At least four hostages held by the Islamic State group in Syria, including the murdered American journalist James Foley, were "waterboarded" in the early part of their captivity, a US newspaper has reported.
The Washington Post on Thursday quoted sources as saying that Foley and other kidnapped Westerners were subjected to the simulated drowning torture "several times" by people who "knew exactly how it was done".
The AFP news agency quoted its own source as saying that at least one hostage had been waterboarded.
Waterboarding was used by the CIA during interrogations of those it suspected of terrorism during the so-called "war-on-terror" era of president George W Bush.

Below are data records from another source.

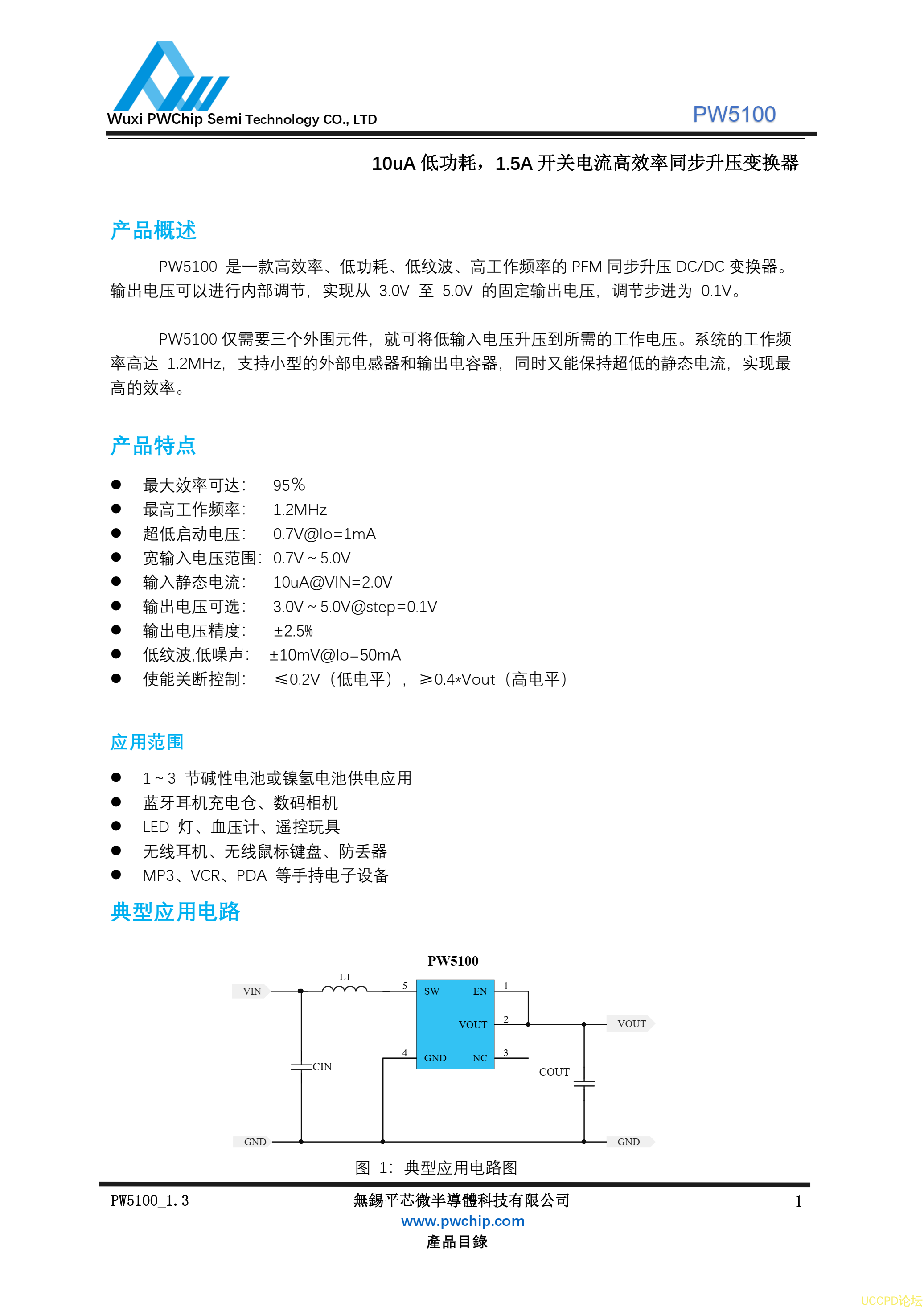 PW5100 是一款高效率、低功耗、低纹波、高工作频率的 PFM 同步升压 DC/DC 变换器。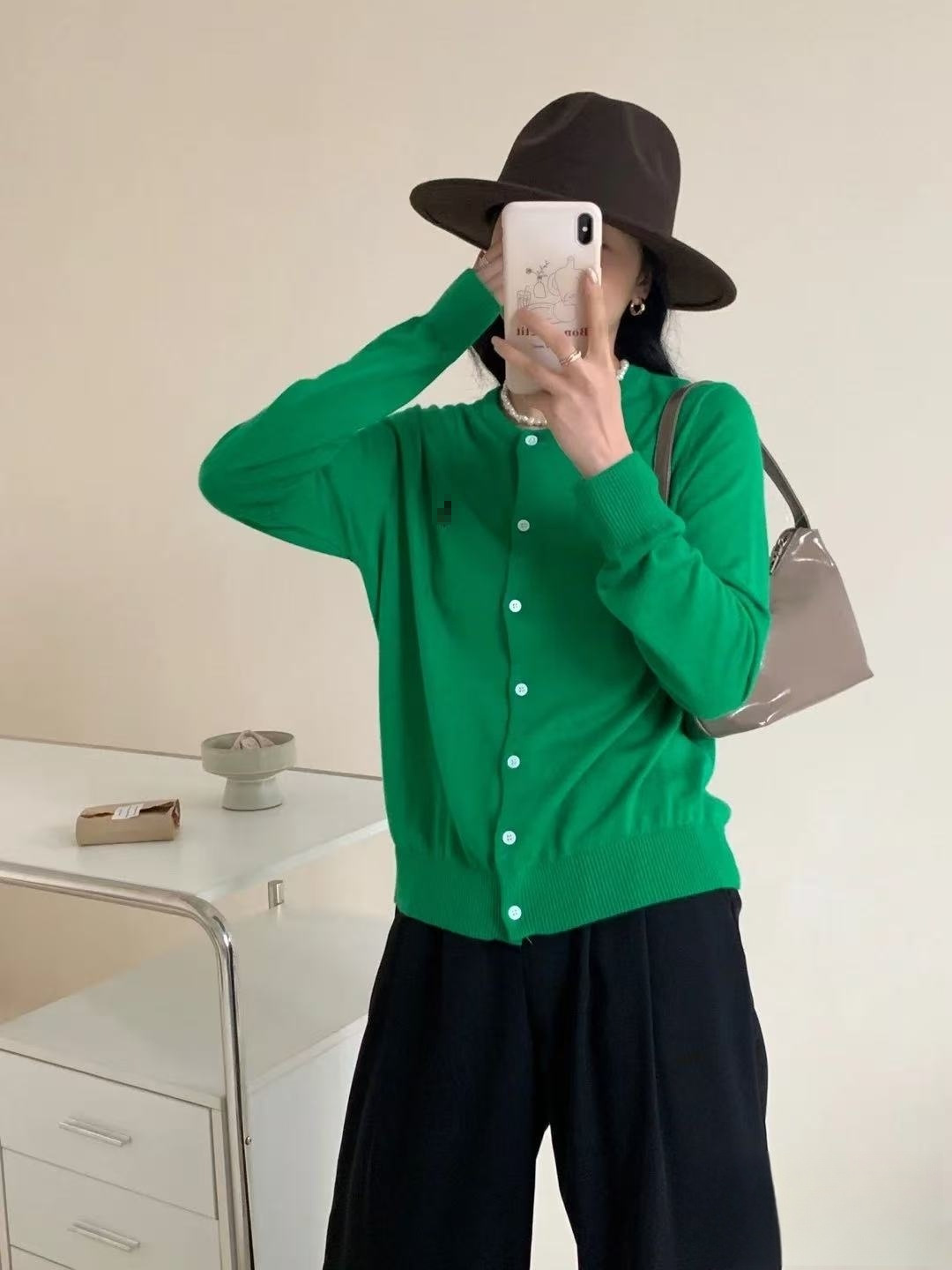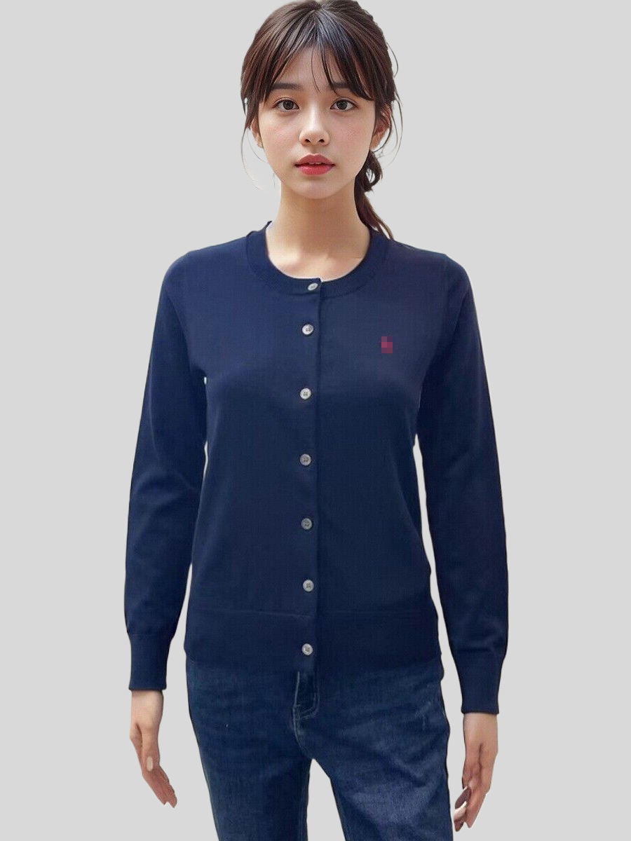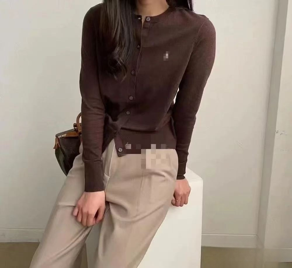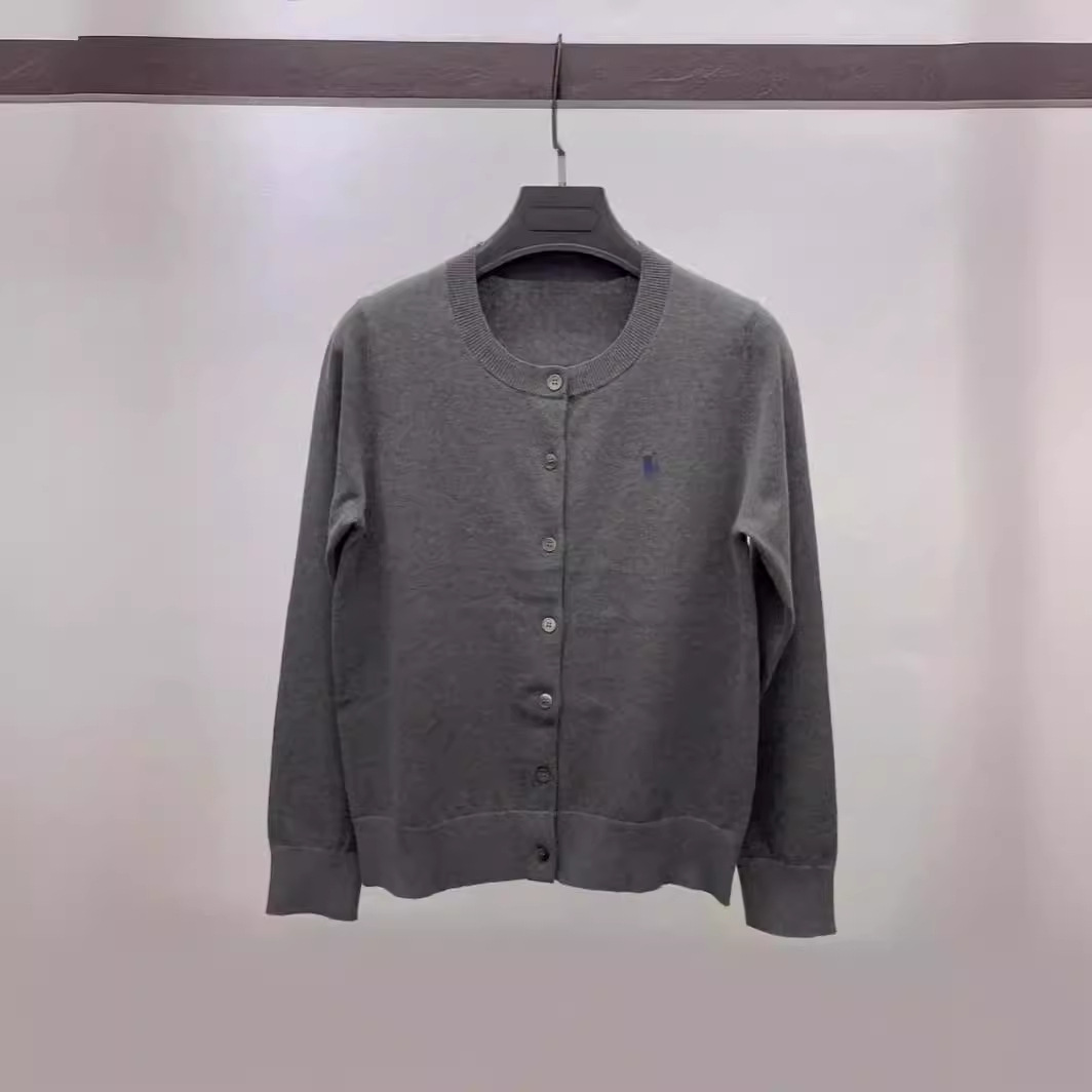 2025 년 이른 봄 새 면 여성 포니 자수 니트 둥근 목 카디건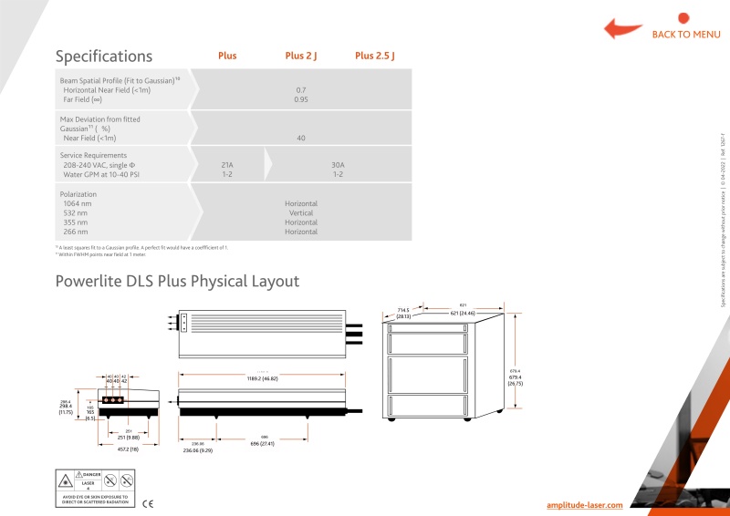 • 纳秒标准激光器 Powerlite’ DLS Plus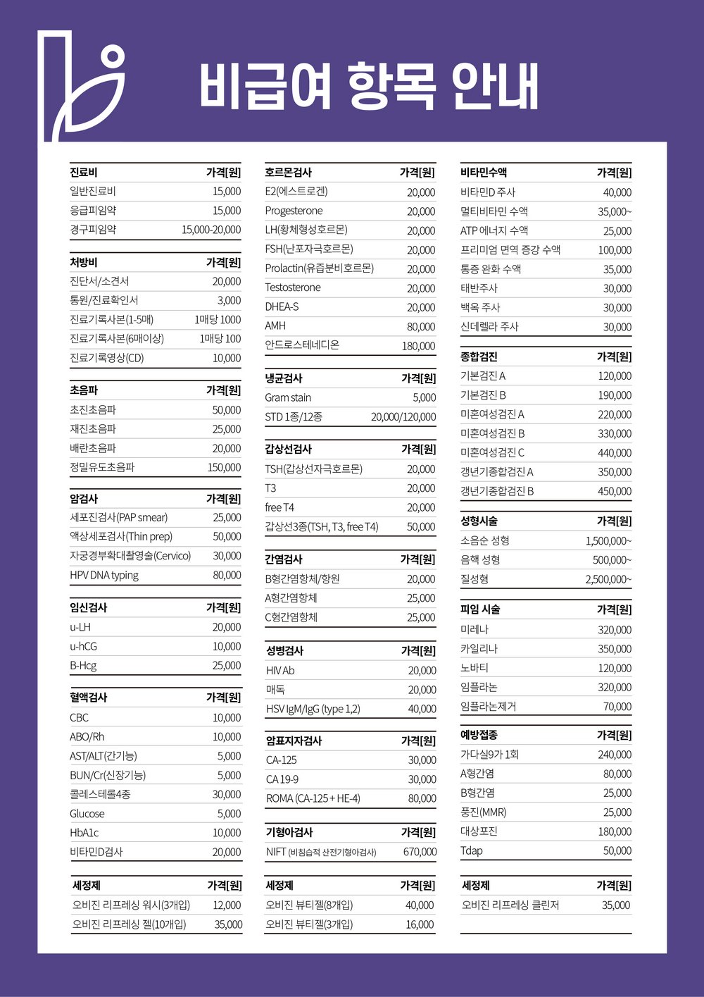 사춘기상담클리닉 I 갱년기클리닉 [호르몬검사, 폐경 후 호르몬요법, 태반주사]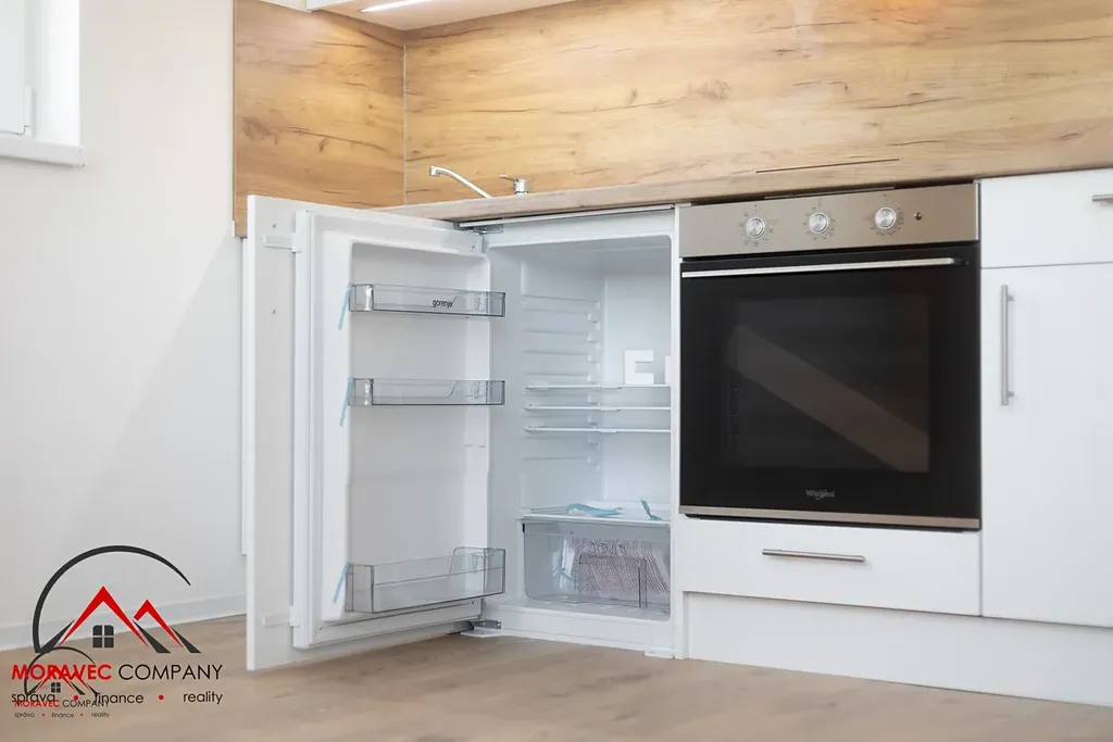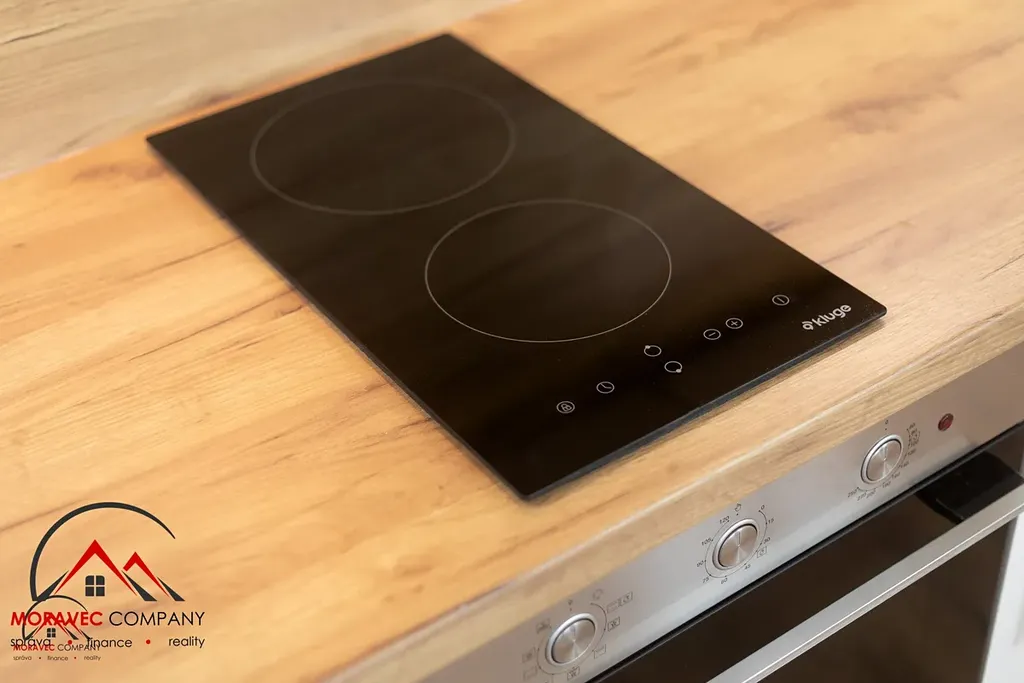 Vybavení bytu zahrnuje kuchyň s elektrickou troubou, indukční varnou deskou, digestoří a zabudovanou lednicí. Koupelna je vybavena sprchovým koutem a WC. Ohřev vody zajišťuje elektrický bojler.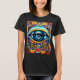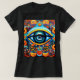 A.I .created print of a large, colorful eye is surrounded by vibrant surreal psychedelic floral patterns and swirling abstract shapes.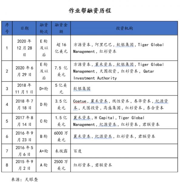 “作业帮”也在2020年完成了E和E+两轮融资,估值达到了110亿美元。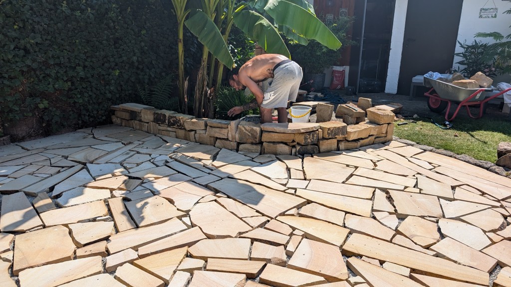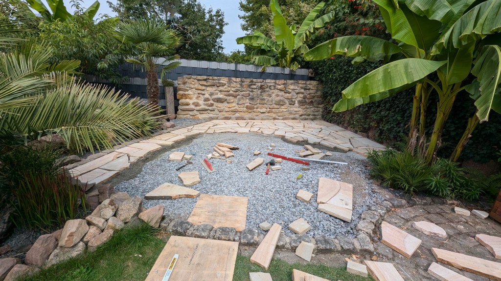 Im Jahr 2024 hatten wir dann genug von der Schotterterrasse und haben in kompletter Eigenregie an dieser Stelle eine Sandsteinterrasse gepflastert. Auslöser dafür war die unerwartete Teilnahme an einer Fernsehsendung. Mehr dazu, wenn du auf den Button klickst 🙂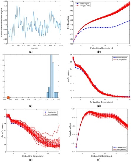 Mechanical systems are also a kind of complex system; for example, diesel engines and air compressors. In engine systems, acoustic signals are often applied to detect the mechanical faults, because they can provide significant dynamic information on the engines [42]. Many acoustic methods are employed to deal with engine faults, such as acoustic emission analysis [47]. However, fault diagnosis based on acoustic signals is often easily affected by background noise [42]. Few studies employ nonlinear analysis methods to explore the characteristics of the abnormal sound in diesel engines. In this paper, we first apply the proposed SymEn function to test the nonlinearity of the abnormal sound of the diesel engine. Figure 8 presents one episode of the original sound data in the faulty diesel engine and its SymEn values with those of its surrogates. Our SymEn-based tests applied to the sound data reject the null hypothesis with 95% confidence over 39 surrogates. In dimension d = 25, the SymEn value of the original data is obviously different from those of its surrogates with the difference degree z = 16.99 (z > 1.96). The results show that the dynamical characteristics of the raw sound data are not linear. The raw data should come from a nonlinear system. Meanwhile, the ApEn, SampEn, and FuzzyEn methods are also employed to analyze the sound data (see Figure 8d–f). In general, the results are worse than that of the SymEn method, although the ApEn values show some difference between the raw data and its surrogate in d = 3,4.

It used on Khalid Sheikh Mohammed, an al-Qaeda operative the US said was closely involved with the planning of the attacks of September 11, 2001 and other high-profile operations.
The US abandoned the technique after the election of Barack Obama, and following revelations that it gained the US no usable intelligence, and legal opinions ruled it "cruel and unusual punishment".
The captives, including Foley who was kidnapped in northern Syria in November 2012, were held in Raqqa, the Syrian capital of the Islamic State group.
The Islamic State last week released a video of the murder of Foley. A masked fighter who appeared in the video said the journalist's killing was a response to US air attacks against the Islamic State group in Iraq.